Indeed, data collected by economists in the decades after Roe v. Wade indicates that the greater the limits on abortion, the more poverty for parents and the less education for their children. Worse yet, the 13 states that had trigger laws designed to outlaw abortion in the event of a Roe reversal were already among the poorest in the country. Now, poor people in poor states will be on the punishing spear tip of our post-Roe world.
While the Supreme Court's grim decision means more pain and hardship for women, transgender, and gender non-confirming people, it signals even more: the validation of a half-century-old strategy by Christian nationalists to remake the very fabric of this nation. For the businessmen, pastors, and politicians who laid the foundations for the Dobbs ruling, this was never just about abortion.
The multi-decade campaign to reverse Roe v. Wade has always been about building a political movement to seize and wield political power. For decades, it's championed a vision of "family values" grounded in the nuclear family and a version of community life meant to tightly control sex and sexuality, while sanctioning attacks on women and LGBTQIA people. Thanks to its militant and disciplined fight to bring down Roe, this Christian nationalist movement has positioned itself to advance a full-spectrum extremist agenda that is not only patriarchal and sexist, but racist, anti-poor, and anti-democratic. Consider the Dobbs decision the crown jewel in a power-building strategy years in the making. Consider it as well the coronation of a movement ready to flex its power in ever larger, more violent, and more audacious ways.

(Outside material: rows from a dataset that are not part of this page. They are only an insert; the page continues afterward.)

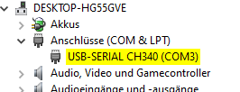 Schließen wir jetzt einmal den Mikrocontroller mit einem Micro-USB-Kabel an den Computer an. Ich verwende ein Microsoft Windows 10 (mit aktuellen Updates) und dieser wird sogleich als „USB-SERIAL CH340“ erkannt (siehe Grafik).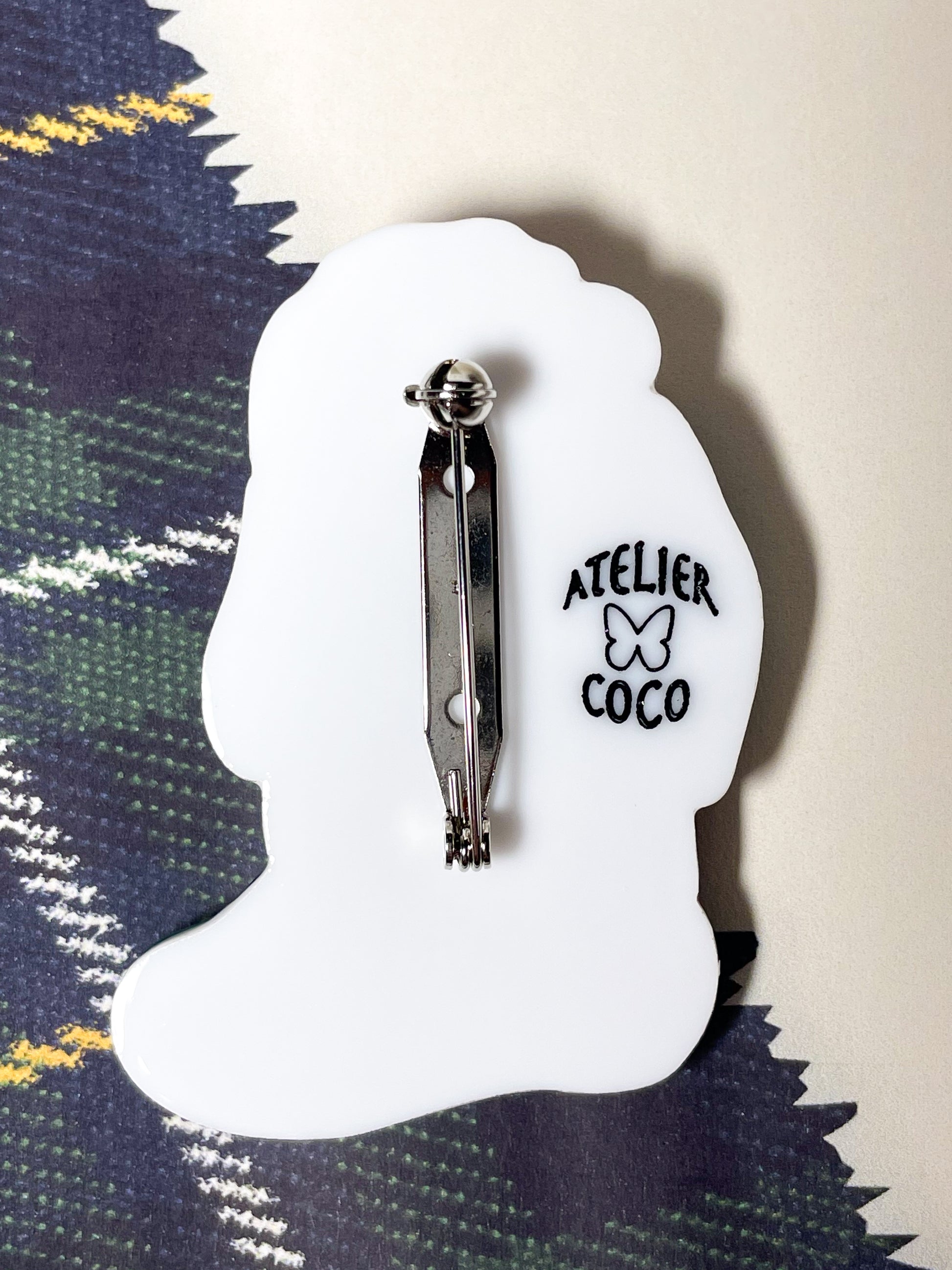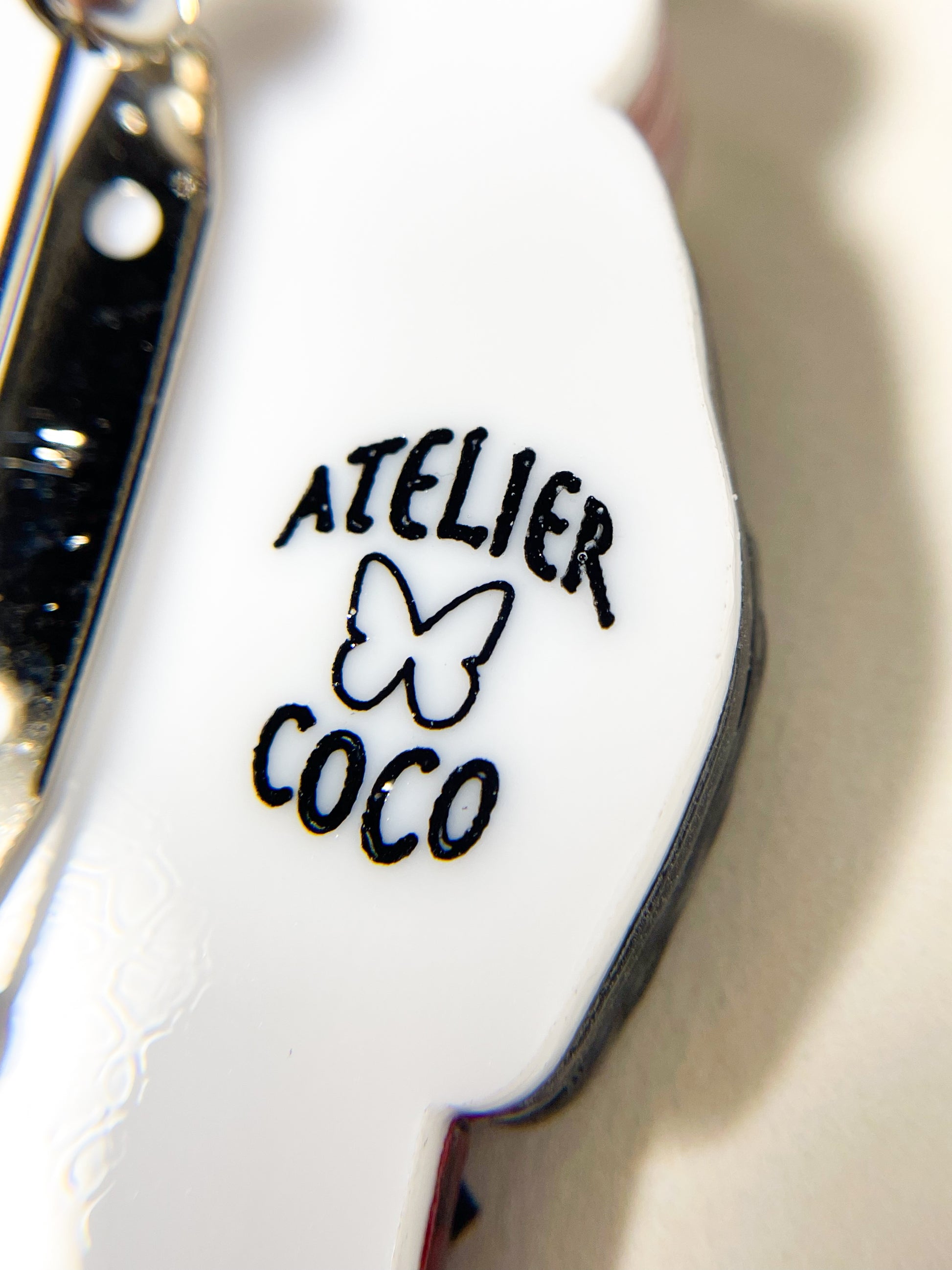 Original design by a Japanese accessory artist Coco and each brooch has the "ATELIER COCO" logo.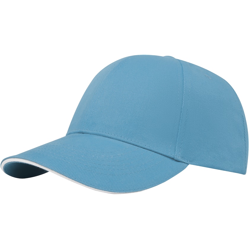 Sporttinen lippalakki kierrätyspuuvillasta. Lakin lipassa on tehosteraita. Takana metallisolki, jonka avulla voi säätää kokoa. Kangas on 50% kierrätyspuuvillaa ja 50% puuvillaa.

In that context, bear in mind that, in his concurring opinion, Justice Clarence Thomas suggested that the Dobbs decision gives the Supreme Court legal precedent to strike down other previously settled landmark civil rights jurisprudence, including Griswold v. Connecticut (access to contraception), Lawrence v. Texas (protection of same-sex relationships), and Obergefell v. Hodges (protection of same-sex marriage). Whether or not these fundamental protections ultimately fall, the Supreme Court majority's justification for Dobbs certainly raises the possibility that any due-process rights not guaranteed by and included in the Constitution before the passage of the 14th Amendment in 1868 could be called into question.